[MATERIAL SUPPLIED]:
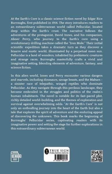 ""At the Earth's Core"" is a thrilling science fiction novel by Edgar Rice Burroughs, renowned for its imaginative premise and gripping narrative. The story follows the adventures of David Innes and Dr. Abner Perry, who embark on a groundbreaking expedition to explore the Earth's core using a remarkable drilling machine called the ""Iron Mole."" As they delve deeper into the unknown depths of the planet, they discover a hidden world filled with prehistoric creatures, strange civilizations, and incredible wonders. Along the way, they encounter perilous challenges and confront hostile inhabitants, including the fearsome Mahars, a race of intelligent reptiles who rule over the subterranean realm. With its blend of thrilling action, imaginative world-building, and thought-provoking themes, ""At the Earth's Core"" captivates readers with its sense of adventure and exploration, transporting them to a realm of excitement and wonder beneath the surface of the Earth.
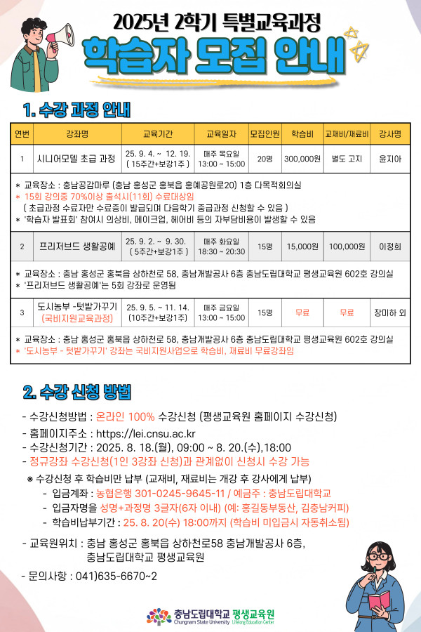 충남도립대학교 평생교육원 홈페이지(이하 "홈페이지")는 충남도립대학교 평생교육원 (이하 '학교')와 홈페이지 이용자(이하 "이용자")가 홈페이지 서비스 약관 (이하 "약관" 승낙하는 것을 조건으로 하여 홈페이지 서비스를 제공한다. 약관은 통지 없이 수시로 갱신될 수 있으며, 이용자는 어제든지 홈페이지의 약관 페이지를 이용하여 최신 버전의 약관을 확인할 수 있다.
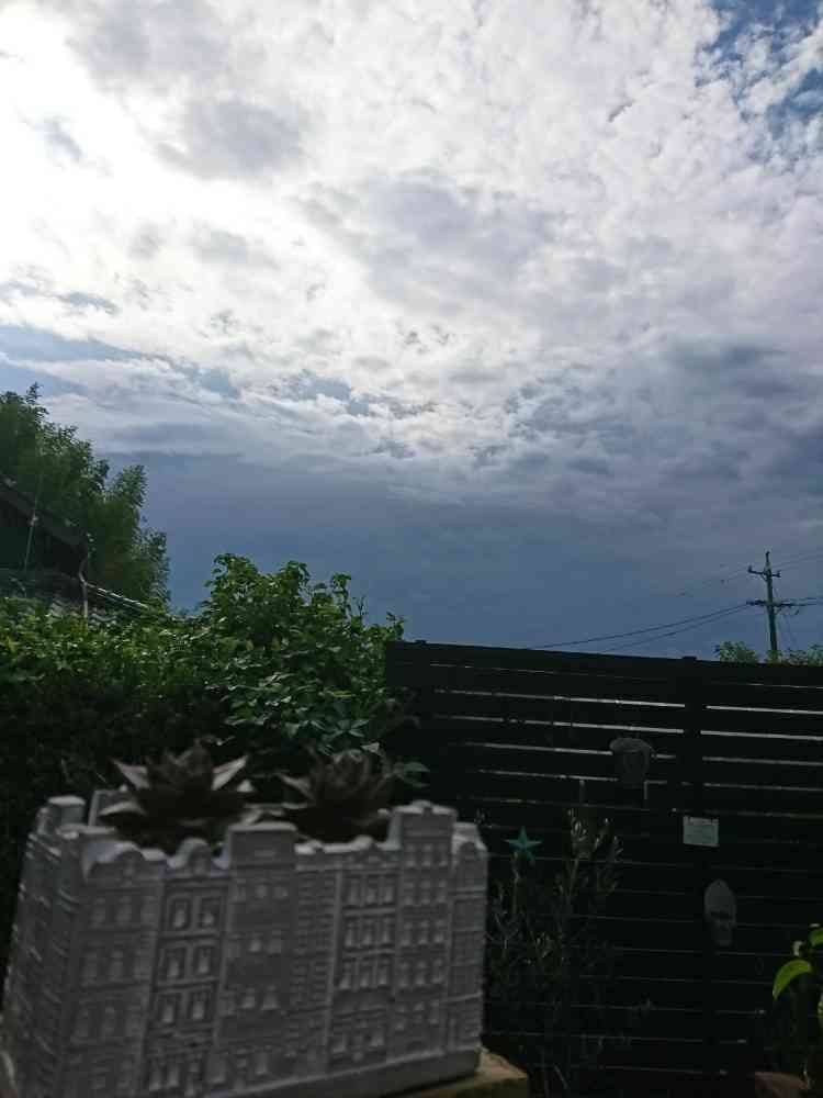 昨日の朝、変な天気と思ったら、今朝は土砂降り、ゴロゴロゴロ§§ピカ!§§ずーとネコみたいに鳴いてる空、風はない、このまま涼しければいいけど、そうはいかないんだろうな(u_u)
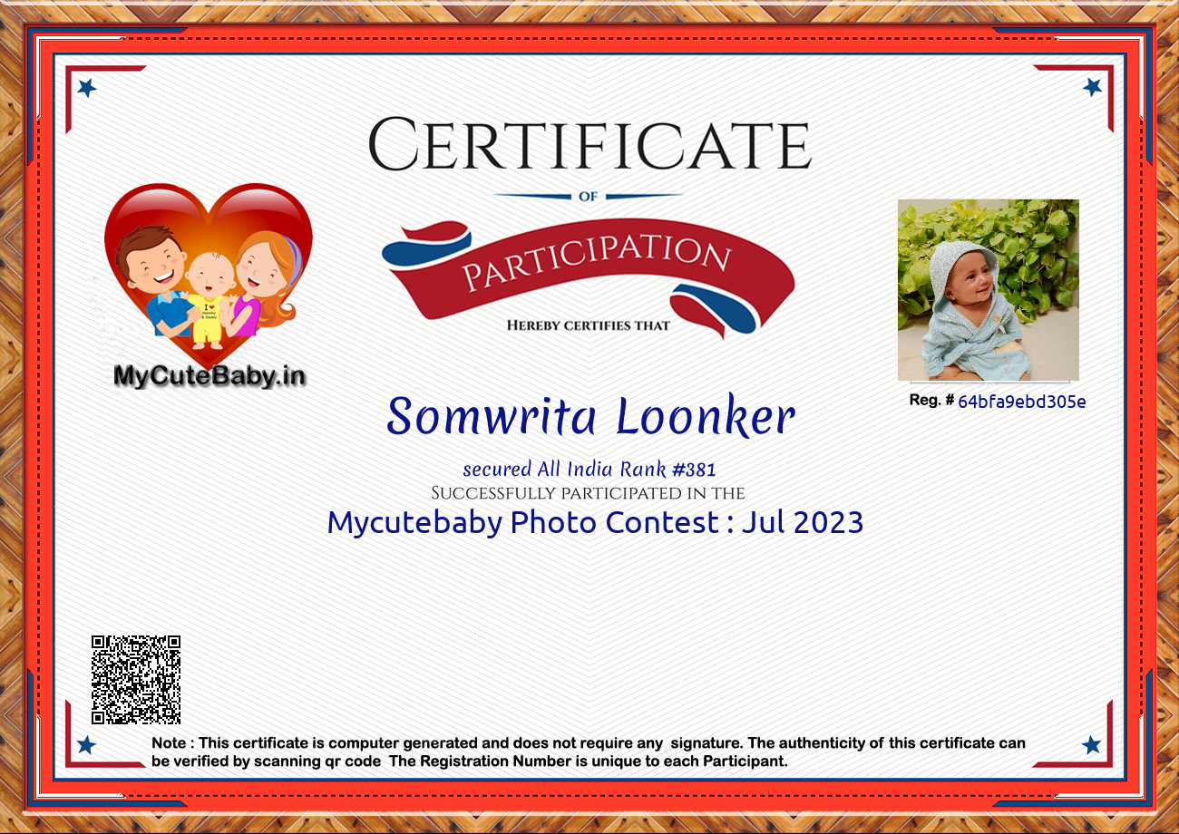 Participation certificate for all the participants whose mycutebaby votes are more than 1000.
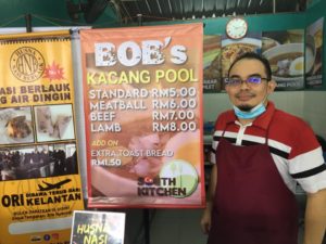 Paling istimewa yang menjadi tarikan gerainya terletak di Jalan P Ramlee BSN Food Court, betul-betul bersebelahan Kuala Lumpur City Centre (KLCC) adalah sajian Bob’s Kacang Pool yang pasti mengiurkan peminatnya.
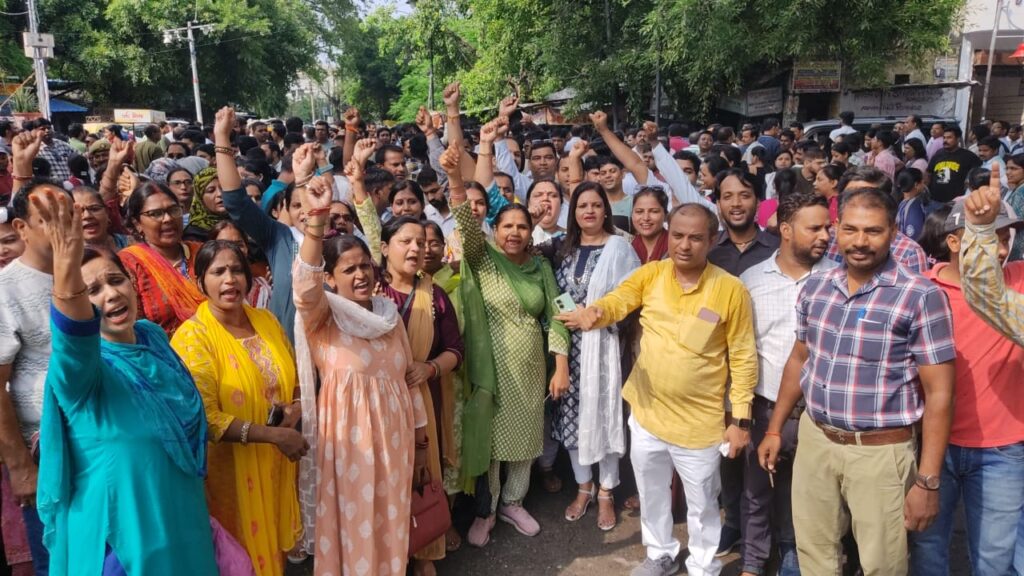 बरेली । राष्ट्रीय शैक्षिक महासंघ बरेली की टीम ने जिला महामंत्री विनोद कुमार की अध्यक्षता में जिला अधिकारी कार्यालय में सिटी मजिस्ट्रेट राजीव शुक्ला को मुख्यमंत्री को संबोधित ज्ञापन सौंपा। जनपद के सभी संगठनों के सहयोग से सभी ब्लॉकों के शिक्षको ने विरोध प्रदर्शन में बढ़ चढ़ कर हिस्सा लिया। जिला महामंत्री विनोद कुमार ने बताया कि डिजिटल उपस्थिति किसी भी हाल में स्वीकार नही है। पहले शासन को शिक्षकों की 22 सूत्रीय मांगे पूरी करनी चाहिए, जिससे ज़मीनी स्तर पर आ रही शिक्षको की समस्याओं का निराकरण हो सके l जिला संग़ठन मंत्री जितेंद्र गंगवार द्वारा बताया गया कि बेसिक का शिक्षक रोज़ाना 80km से 90 km का सफर तय करता है। उसे कच्चे रास्ते, रेलवे क्रासिंग,गॉव में सड़क पर गन्ने की ट्राली के कारण रोड बंद, जलभराव जैसी अनेक समस्यों का सामना करना पड़ता है।ऐसे में थोड़ा बहुत विलम्ब हो जाना आम बात है। जबकि जो विभाग शहर में स्थित है पहले वहां ऑनलाइन उपस्थिति लागू होनी चाहिए।
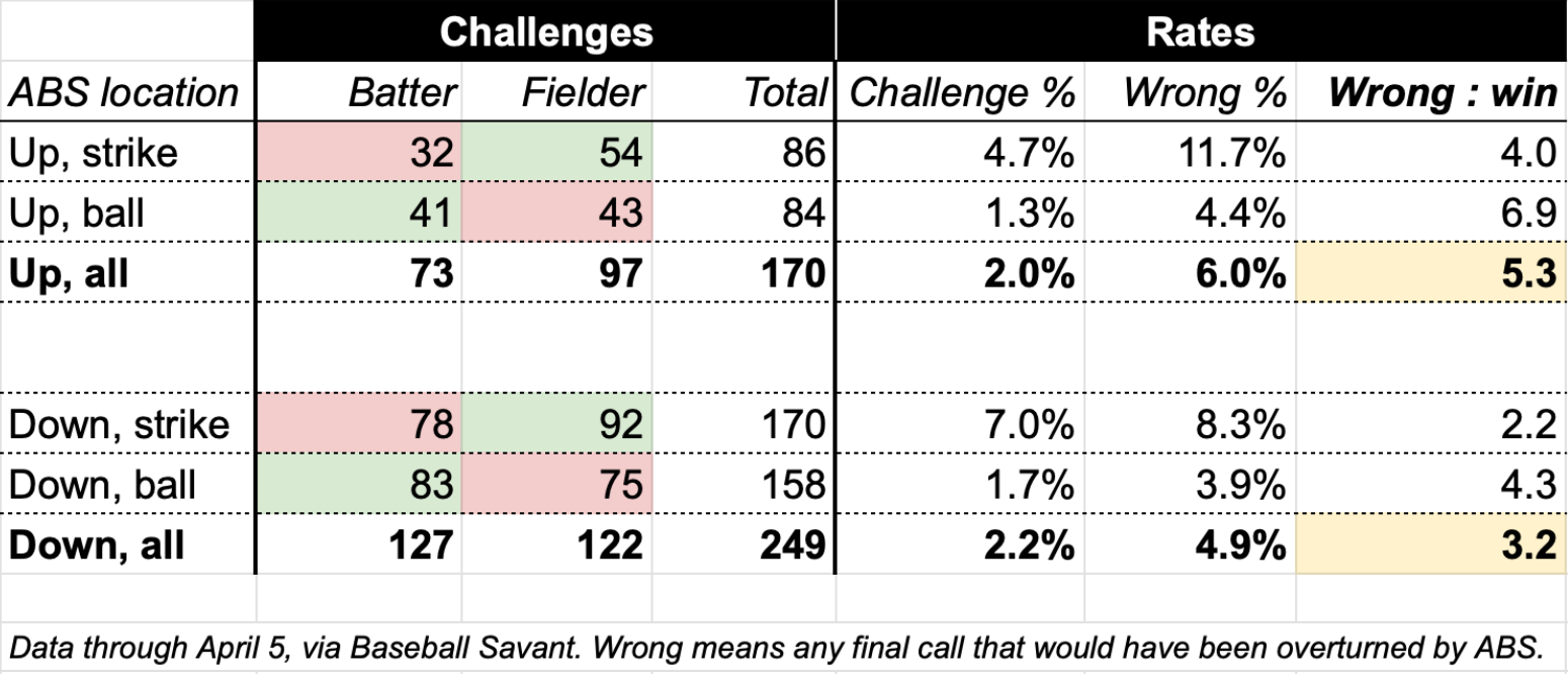 In the early going, the players’ confidence levels in assessing the zone don’t diverge that much with the umpires who spent years informing that understanding. That leads to plenty of those razor-thin margins, yes, but more importantly: Challenges are being spent on low pitches, where the umpires are relatively more effective.

[WHAT YOU WILL DO]:
From the line holding "Participation certificate for" down to the final line of the entries above, print every line exactly. Pictures do not go in.

[RESPONSE]:
 Participation certificate for all the participants whose mycutebaby votes are more than 1000.
 Paling istimewa yang menjadi tarikan gerainya terletak di Jalan P Ramlee BSN Food Court, betul-betul bersebelahan Kuala Lumpur City Centre (KLCC) adalah sajian Bob’s Kacang Pool yang pasti mengiurkan peminatnya.
 बरेली । राष्ट्रीय शैक्षिक महासंघ बरेली की टीम ने जिला महामंत्री विनोद कुमार की अध्यक्षता में जिला अधिकारी कार्यालय में सिटी मजिस्ट्रेट राजीव शुक्ला को मुख्यमंत्री को संबोधित ज्ञापन सौंपा। जनपद के सभी संगठनों के सहयोग से सभी ब्लॉकों के शिक्षको ने विरोध प्रदर्शन में बढ़ चढ़ कर हिस्सा लिया। जिला महामंत्री विनोद कुमार ने बताया कि डिजिटल उपस्थिति किसी भी हाल में स्वीकार नही है। पहले शासन को शिक्षकों की 22 सूत्रीय मांगे पूरी करनी चाहिए, जिससे ज़मीनी स्तर पर आ रही शिक्षको की समस्याओं का निराकरण हो सके l जिला संग़ठन मंत्री जितेंद्र गंगवार द्वारा बताया गया कि बेसिक का शिक्षक रोज़ाना 80km से 90 km का सफर तय करता है। उसे कच्चे रास्ते, रेलवे क्रासिंग,गॉव में सड़क पर गन्ने की ट्राली के कारण रोड बंद, जलभराव जैसी अनेक समस्यों का सामना करना पड़ता है।ऐसे में थोड़ा बहुत विलम्ब हो जाना आम बात है। जबकि जो विभाग शहर में स्थित है पहले वहां ऑनलाइन उपस्थिति लागू होनी चाहिए।
 In the early going, the players’ confidence levels in assessing the zone don’t diverge that much with the umpires who spent years informing that understanding. That leads to plenty of those razor-thin margins, yes, but more importantly: Challenges are being spent on low pitches, where the umpires are relatively more effective.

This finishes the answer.